LAMP: Lane-Aligned Motion Primitives for Feasible Trajectory Prediction
Summary
LAMP (Lane-Aligned Motion Primitives) is a new topology-aware forecasting framework designed for autonomous driving systems to improve the safety and reliability of decision-making. Existing motion predictors often fail to ensure that lower-probability multimodal predictions adhere to lane topology, leading to physically and logically infeasible trajectories. LAMP addresses this by anchoring multimodal predictions to structured motion primitives that are aligned with lane topology. It employs a VQ-VAE to learn shape-aware motion primitives as discrete intention queries, capturing complex spatiotemporal patterns. Furthermore, LAMP introduces a feasibility-aware intention selector, trained with a lane-topology prior, to filter out unreachable intention queries. This guides the decoder to prioritize topology-consistent intentions while maintaining behavioral diversity. Experiments on the Argoverse 2 dataset show LAMP achieves prediction accuracy comparable to leading baselines, while significantly outperforming them in feasibility and diversity metrics.
Key takeaway
For autonomous driving system developers focused on motion forecasting, integrating topology-aware frameworks like LAMP is crucial. Your planning systems will benefit from predictions that not only minimize displacement errors but also strictly adhere to lane topology, significantly enhancing the feasibility and diversity of multimodal outputs. This approach improves the reliability of prediction sets, directly contributing to safer decision-making in complex scenarios.
Key insights
LAMP enhances autonomous driving motion forecasting by ensuring predictions adhere to lane topology, improving feasibility and diversity.
Principles
- Anchor multimodal predictions to lane-aligned motion primitives.

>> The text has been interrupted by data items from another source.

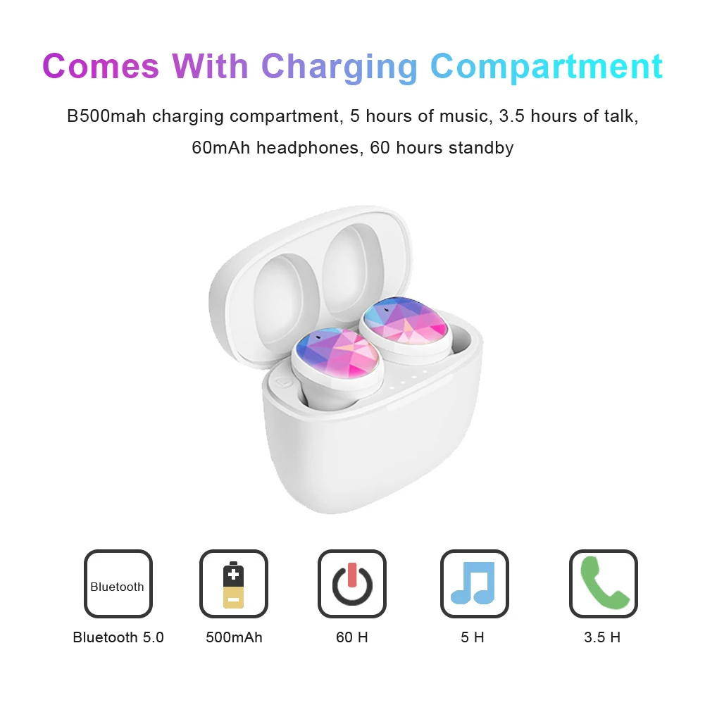 2 * наушники; 1 * зарядный отсек; 1 * зарядный кабель; 4 * Крышка для наушников; 1 * Инструкция по использованию
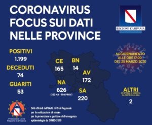L’unità di crisi della Regione Campania ha comunicato che nella tarda serata di ieri sono pervenuti i risultati dei tamponi dell’ospedale Sant’Anna e San Sebastiano di Caserta, che ha effettuato altri 47 test di cui 5 risultati positivi. Pertanto il numero complessivo dei contagiati in Campania è di 1199 persone, così ripartito su base provinciale: provincia di Napoli 626 (322 Napoli città e 304 Napoli provincia); provincia di Salerno 220; provincia di Avellino 172; provincia di Caserta 165; provincia di Benevento 14. Altri in fase di verifica 2. I deceduti sono in totale 74, i guariti 53. I casi di Coronavirus in regione sono saliti a 1199.
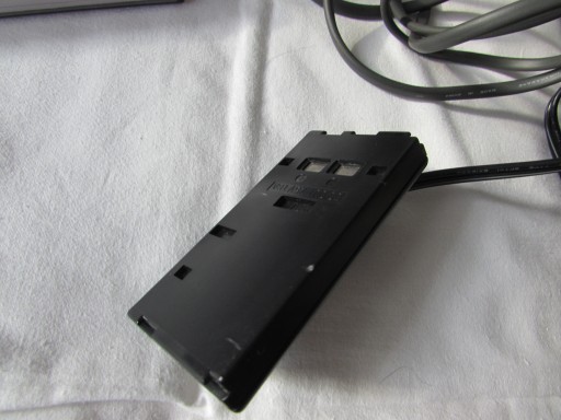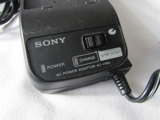 W zestawie oryginalny zasilacz oraz świeżo rozpakowana kaseta Video8. Brak baterii, zasilacz podłącza się w miejsce na baterie.
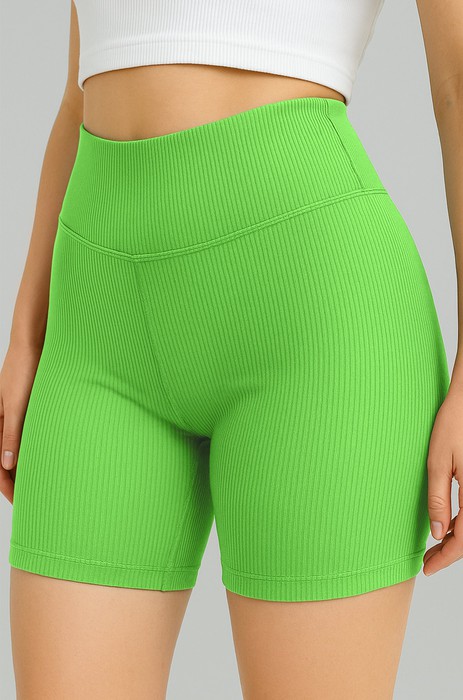 Широкая эластичная резинка нежно прилегает и не сдавливает живот. Благодаря облегающему крою лаймовые велосипедки в рубчик повторяют каждое движение тела.
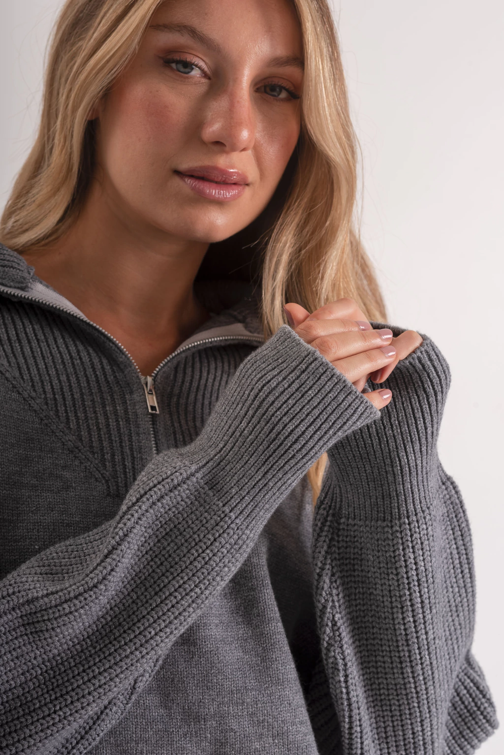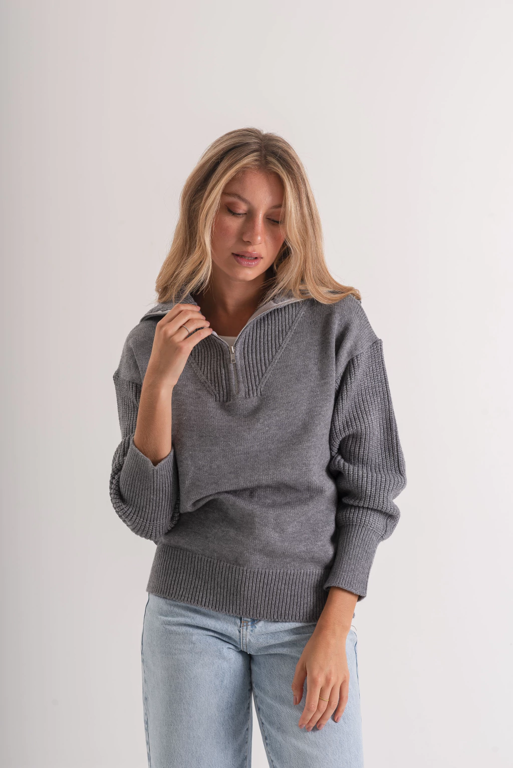 Sweater gris con cierre en el centro. Posee cuello pronunciado. Su tejido es de calidad premium, suave y muy abrigado. Es un básico con diseño que eleva cualquier outfit.
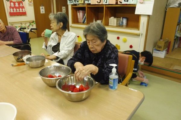 おやつで使用する「いちご」のへたとり。
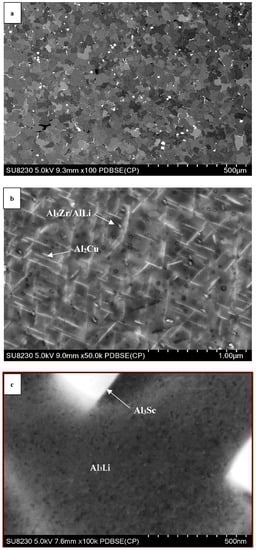 In addition to the named precipitates, the Al-Li-Cu-Sc alloy containing Sc exhibited the highest hardness values. This was ascribed to the presence of Al3Sc precipitates, which, having a very small size (10–100 nanometers), creates a high density of obstacles for dislocations to move through. Furthermore, the addition of Sc to aluminum alloys promotes the formation of a high density of fine, uniformly distributed precipitates within the grains which further contribute to the strengthening [14,20].

- Use VQ-VAE for learning shape-aware motion primitives.
- Filter intentions with a feasibility-aware selector and lane-topology prior.
Method
LAMP uses a VQ-VAE to learn shape-aware motion primitives as discrete intention queries. A feasibility-aware intention selector, trained with a lane-topology prior, filters unreachable queries, guiding the decoder for topology-consistent predictions while preserving diversity.
In practice
- Enhance safety in autonomous driving planning.
- Improve reliability of prediction sets.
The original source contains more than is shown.